Data shown |
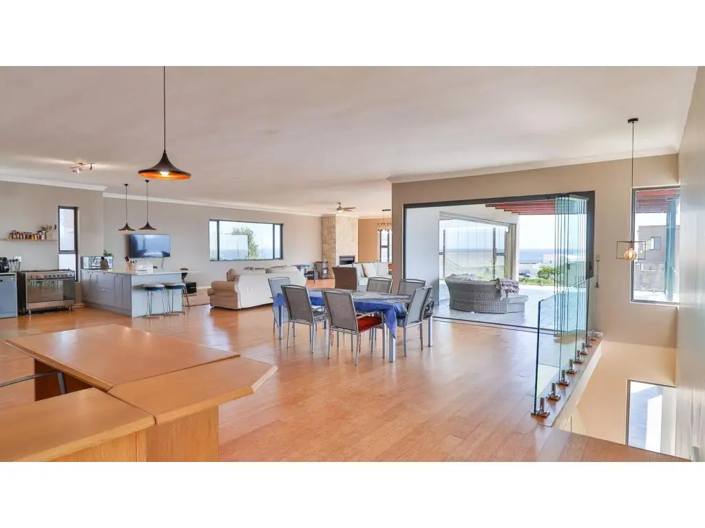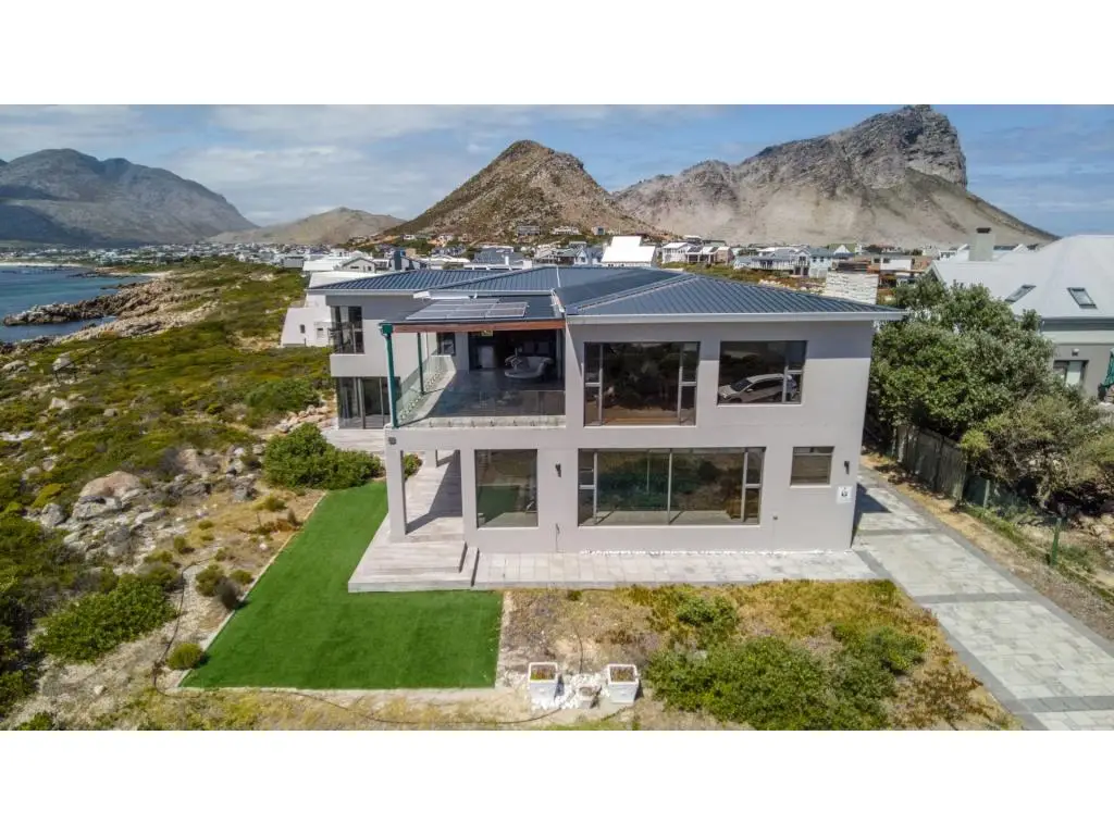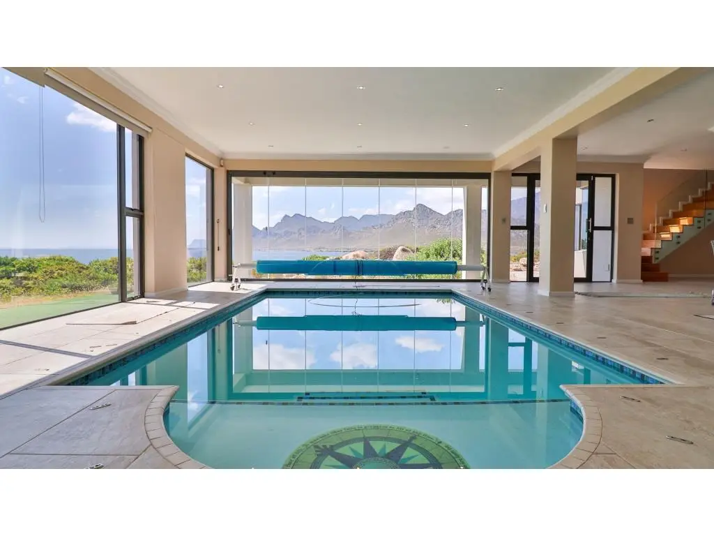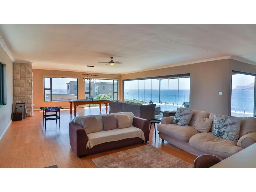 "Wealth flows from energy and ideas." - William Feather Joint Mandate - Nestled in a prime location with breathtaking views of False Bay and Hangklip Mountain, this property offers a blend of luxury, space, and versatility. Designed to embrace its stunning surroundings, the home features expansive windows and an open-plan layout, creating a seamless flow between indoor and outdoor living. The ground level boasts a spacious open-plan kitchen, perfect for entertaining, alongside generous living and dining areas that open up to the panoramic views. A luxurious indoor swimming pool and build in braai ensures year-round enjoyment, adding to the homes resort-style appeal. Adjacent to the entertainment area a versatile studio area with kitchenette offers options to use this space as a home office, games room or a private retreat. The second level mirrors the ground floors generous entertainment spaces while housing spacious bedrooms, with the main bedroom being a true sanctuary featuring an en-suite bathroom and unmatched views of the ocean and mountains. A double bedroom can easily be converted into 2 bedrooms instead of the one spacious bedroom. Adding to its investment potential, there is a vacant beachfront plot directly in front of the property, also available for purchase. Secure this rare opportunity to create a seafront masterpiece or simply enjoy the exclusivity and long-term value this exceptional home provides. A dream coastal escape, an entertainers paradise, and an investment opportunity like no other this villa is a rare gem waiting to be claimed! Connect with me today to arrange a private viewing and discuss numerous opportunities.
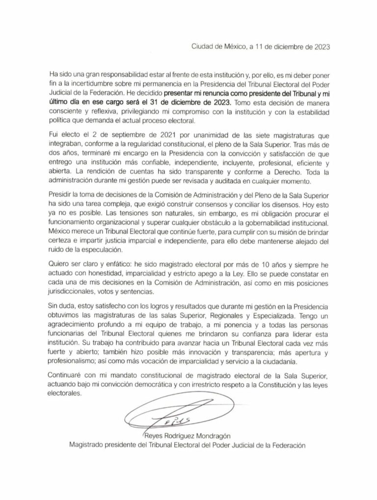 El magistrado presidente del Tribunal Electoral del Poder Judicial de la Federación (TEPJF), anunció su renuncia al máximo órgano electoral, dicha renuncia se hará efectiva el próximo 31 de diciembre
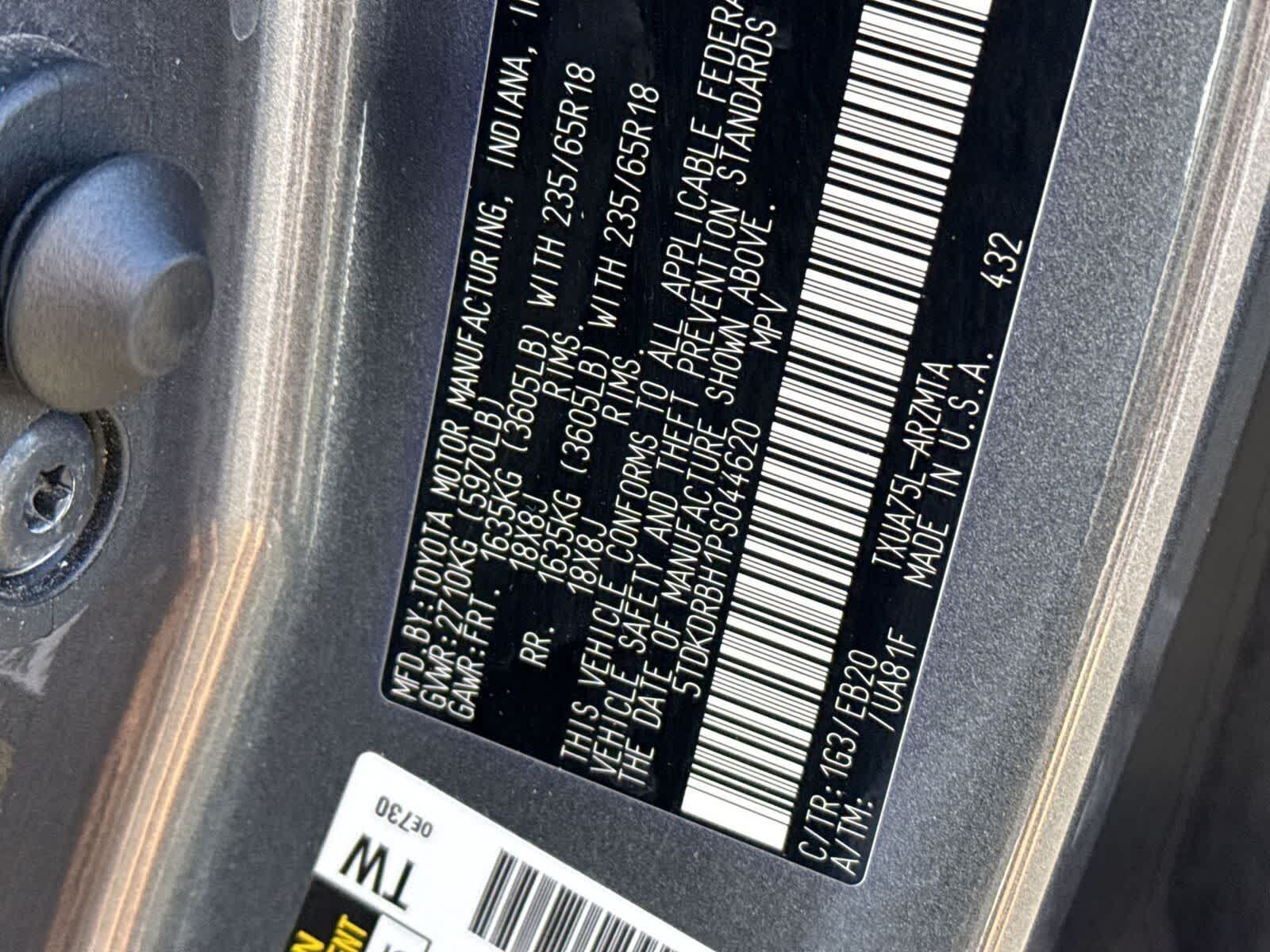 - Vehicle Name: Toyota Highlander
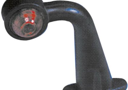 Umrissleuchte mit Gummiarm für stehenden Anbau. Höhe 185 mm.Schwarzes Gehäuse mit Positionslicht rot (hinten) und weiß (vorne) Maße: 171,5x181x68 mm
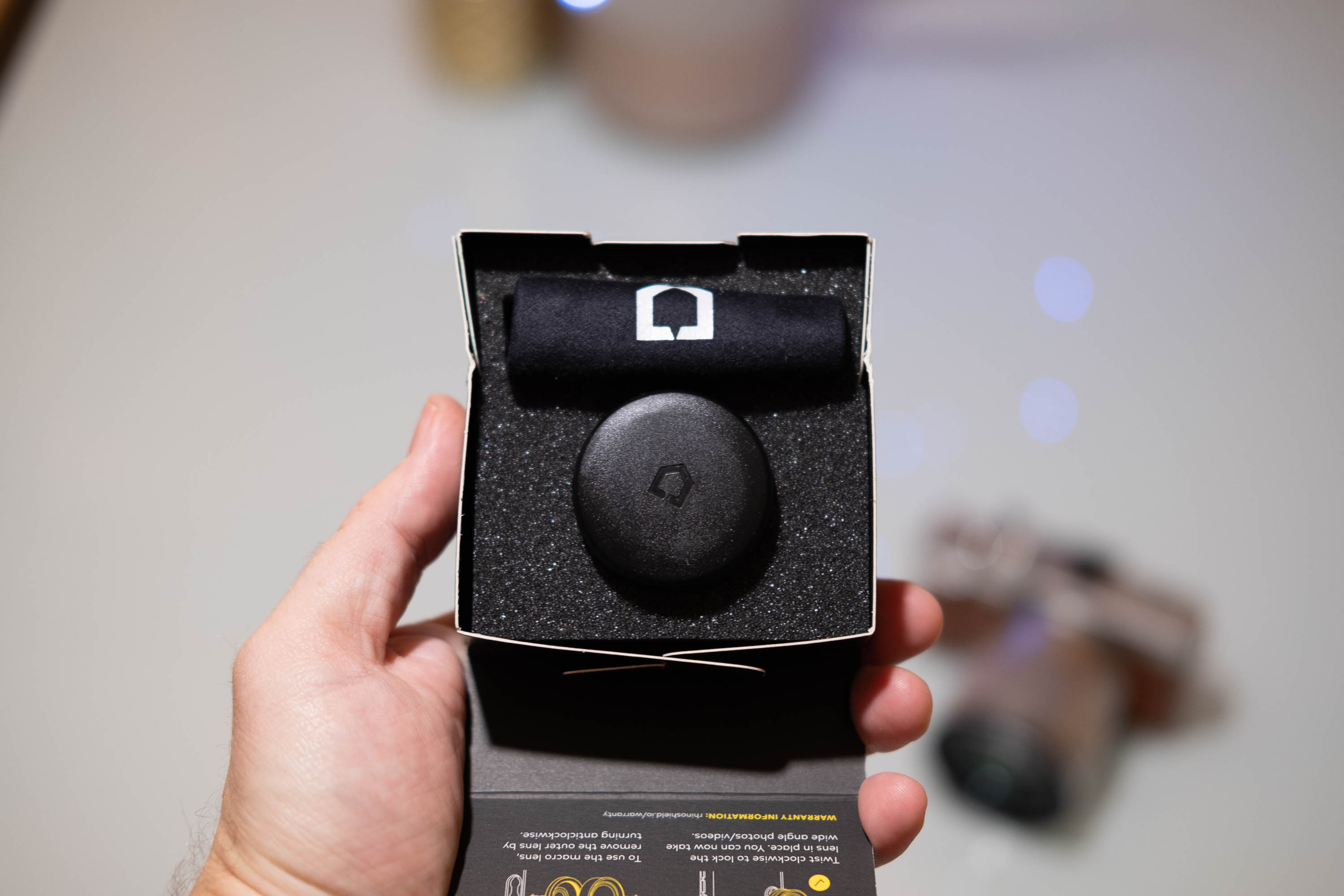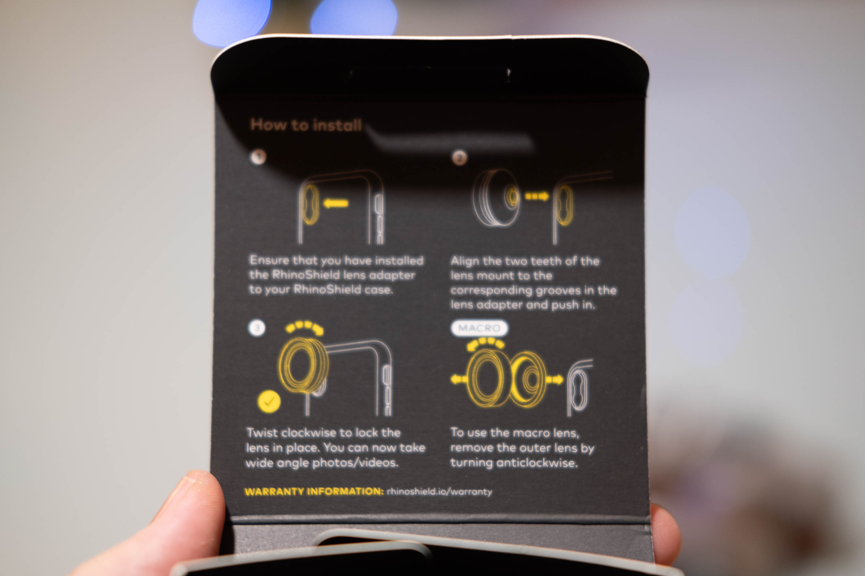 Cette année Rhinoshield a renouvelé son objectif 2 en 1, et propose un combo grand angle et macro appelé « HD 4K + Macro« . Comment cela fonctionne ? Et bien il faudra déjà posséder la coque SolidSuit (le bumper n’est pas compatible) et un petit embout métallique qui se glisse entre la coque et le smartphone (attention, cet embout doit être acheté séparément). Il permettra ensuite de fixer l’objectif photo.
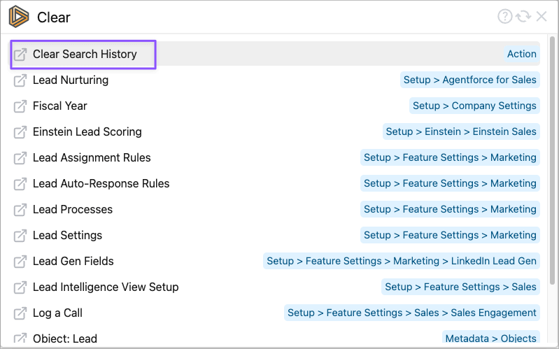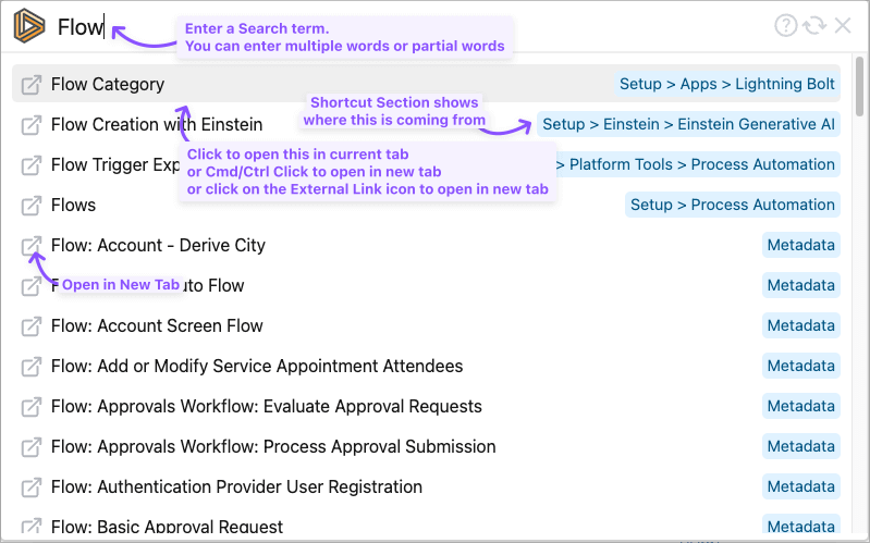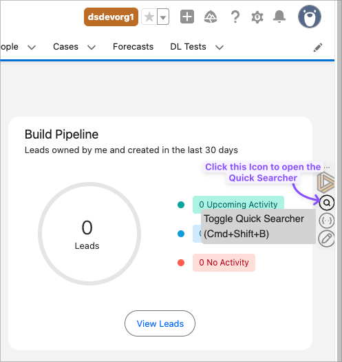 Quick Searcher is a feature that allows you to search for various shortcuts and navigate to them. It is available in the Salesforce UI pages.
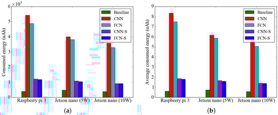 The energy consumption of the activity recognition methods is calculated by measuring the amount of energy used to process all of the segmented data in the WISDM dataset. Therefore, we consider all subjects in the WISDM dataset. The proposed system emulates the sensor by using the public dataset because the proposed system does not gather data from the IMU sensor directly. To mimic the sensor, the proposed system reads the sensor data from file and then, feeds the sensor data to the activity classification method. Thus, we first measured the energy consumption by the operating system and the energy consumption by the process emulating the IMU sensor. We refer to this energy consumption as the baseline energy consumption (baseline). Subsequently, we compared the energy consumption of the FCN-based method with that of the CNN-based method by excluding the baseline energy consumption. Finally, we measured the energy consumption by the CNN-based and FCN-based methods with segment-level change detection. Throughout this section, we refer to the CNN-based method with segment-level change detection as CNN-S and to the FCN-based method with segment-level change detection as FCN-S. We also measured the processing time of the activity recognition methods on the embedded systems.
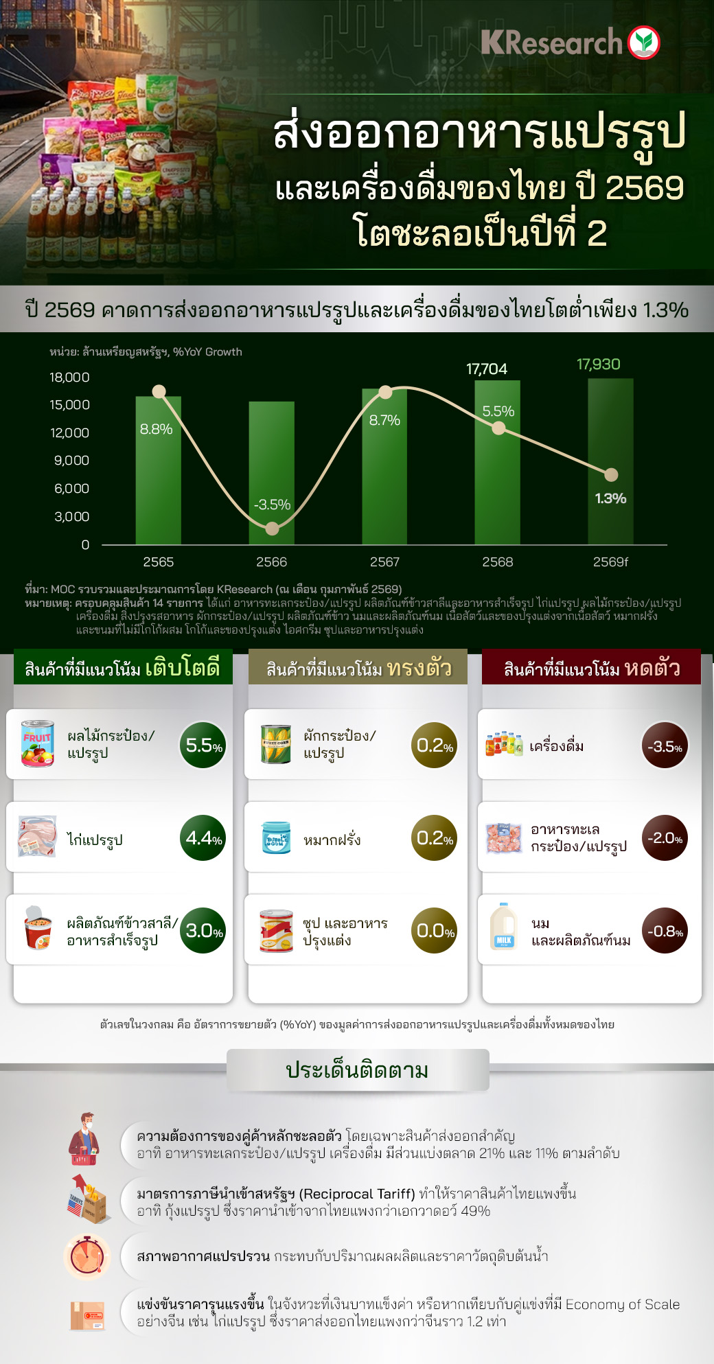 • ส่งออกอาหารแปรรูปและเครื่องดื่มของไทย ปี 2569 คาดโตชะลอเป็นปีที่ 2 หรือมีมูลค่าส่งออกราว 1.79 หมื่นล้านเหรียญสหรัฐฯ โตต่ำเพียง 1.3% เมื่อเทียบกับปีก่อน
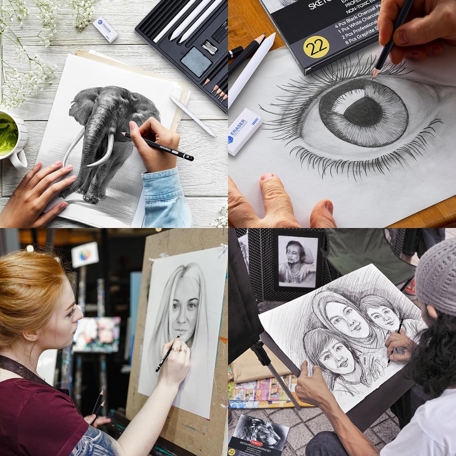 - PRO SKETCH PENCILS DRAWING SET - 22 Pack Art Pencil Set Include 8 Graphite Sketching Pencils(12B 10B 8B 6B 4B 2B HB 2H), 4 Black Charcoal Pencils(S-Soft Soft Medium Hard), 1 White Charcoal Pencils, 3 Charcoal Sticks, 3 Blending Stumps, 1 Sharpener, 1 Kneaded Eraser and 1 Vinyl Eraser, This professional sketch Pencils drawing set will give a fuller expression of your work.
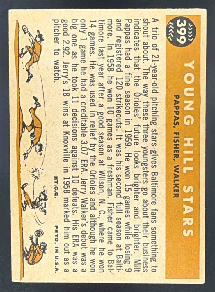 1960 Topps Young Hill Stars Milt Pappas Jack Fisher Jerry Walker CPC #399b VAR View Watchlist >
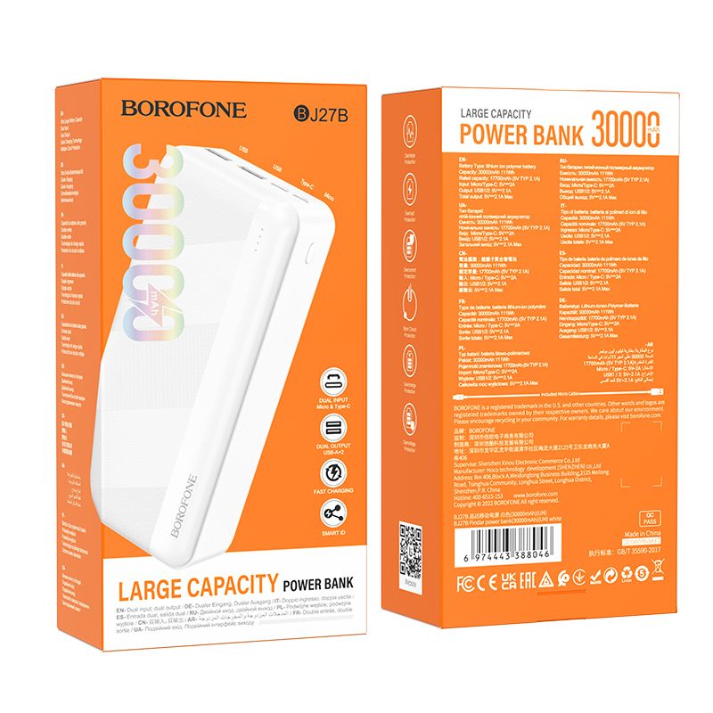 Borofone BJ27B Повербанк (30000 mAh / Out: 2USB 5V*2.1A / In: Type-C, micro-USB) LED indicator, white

Work instruction | Write the entries out again word for word. Omit all pictures from them.

Answer to this exercise |
 "Wealth flows from energy and ideas." - William Feather Joint Mandate - Nestled in a prime location with breathtaking views of False Bay and Hangklip Mountain, this property offers a blend of luxury, space, and versatility. Designed to embrace its stunning surroundings, the home features expansive windows and an open-plan layout, creating a seamless flow between indoor and outdoor living. The ground level boasts a spacious open-plan kitchen, perfect for entertaining, alongside generous living and dining areas that open up to the panoramic views. A luxurious indoor swimming pool and build in braai ensures year-round enjoyment, adding to the homes resort-style appeal. Adjacent to the entertainment area a versatile studio area with kitchenette offers options to use this space as a home office, games room or a private retreat. The second level mirrors the ground floors generous entertainment spaces while housing spacious bedrooms, with the main bedroom being a true sanctuary featuring an en-suite bathroom and unmatched views of the ocean and mountains. A double bedroom can easily be converted into 2 bedrooms instead of the one spacious bedroom. Adding to its investment potential, there is a vacant beachfront plot directly in front of the property, also available for purchase. Secure this rare opportunity to create a seafront masterpiece or simply enjoy the exclusivity and long-term value this exceptional home provides. A dream coastal escape, an entertainers paradise, and an investment opportunity like no other this villa is a rare gem waiting to be claimed! Connect with me today to arrange a private viewing and discuss numerous opportunities.
 El magistrado presidente del Tribunal Electoral del Poder Judicial de la Federación (TEPJF), anunció su renuncia al máximo órgano electoral, dicha renuncia se hará efectiva el próximo 31 de diciembre
 - Vehicle Name: Toyota Highlander
 Umrissleuchte mit Gummiarm für stehenden Anbau. Höhe 185 mm.Schwarzes Gehäuse mit Positionslicht rot (hinten) und weiß (vorne) Maße: 171,5x181x68 mm
 Cette année Rhinoshield a renouvelé son objectif 2 en 1, et propose un combo grand angle et macro appelé « HD 4K + Macro« . Comment cela fonctionne ? Et bien il faudra déjà posséder la coque SolidSuit (le bumper n’est pas compatible) et un petit embout métallique qui se glisse entre la coque et le smartphone (attention, cet embout doit être acheté séparément). Il permettra ensuite de fixer l’objectif photo.
 Quick Searcher is a feature that allows you to search for various shortcuts and navigate to them. It is available in the Salesforce UI pages.
 The energy consumption of the activity recognition methods is calculated by measuring the amount of energy used to process all of the segmented data in the WISDM dataset. Therefore, we consider all subjects in the WISDM dataset. The proposed system emulates the sensor by using the public dataset because the proposed system does not gather data from the IMU sensor directly. To mimic the sensor, the proposed system reads the sensor data from file and then, feeds the sensor data to the activity classification method. Thus, we first measured the energy consumption by the operating system and the energy consumption by the process emulating the IMU sensor. We refer to this energy consumption as the baseline energy consumption (baseline). Subsequently, we compared the energy consumption of the FCN-based method with that of the CNN-based method by excluding the baseline energy consumption. Finally, we measured the energy consumption by the CNN-based and FCN-based methods with segment-level change detection. Throughout this section, we refer to the CNN-based method with segment-level change detection as CNN-S and to the FCN-based method with segment-level change detection as FCN-S. We also measured the processing time of the activity recognition methods on the embedded systems.
 • ส่งออกอาหารแปรรูปและเครื่องดื่มของไทย ปี 2569 คาดโตชะลอเป็นปีที่ 2 หรือมีมูลค่าส่งออกราว 1.79 หมื่นล้านเหรียญสหรัฐฯ โตต่ำเพียง 1.3% เมื่อเทียบกับปีก่อน
 - PRO SKETCH PENCILS DRAWING SET - 22 Pack Art Pencil Set Include 8 Graphite Sketching Pencils(12B 10B 8B 6B 4B 2B HB 2H), 4 Black Charcoal Pencils(S-Soft Soft Medium Hard), 1 White Charcoal Pencils, 3 Charcoal Sticks, 3 Blending Stumps, 1 Sharpener, 1 Kneaded Eraser and 1 Vinyl Eraser, This professional sketch Pencils drawing set will give a fuller expression of your work.
 1960 Topps Young Hill Stars Milt Pappas Jack Fisher Jerry Walker CPC #399b VAR View Watchlist >
 Borofone BJ27B Повербанк (30000 mAh / Out: 2USB 5V*2.1A / In: Type-C, micro-USB) LED indicator, white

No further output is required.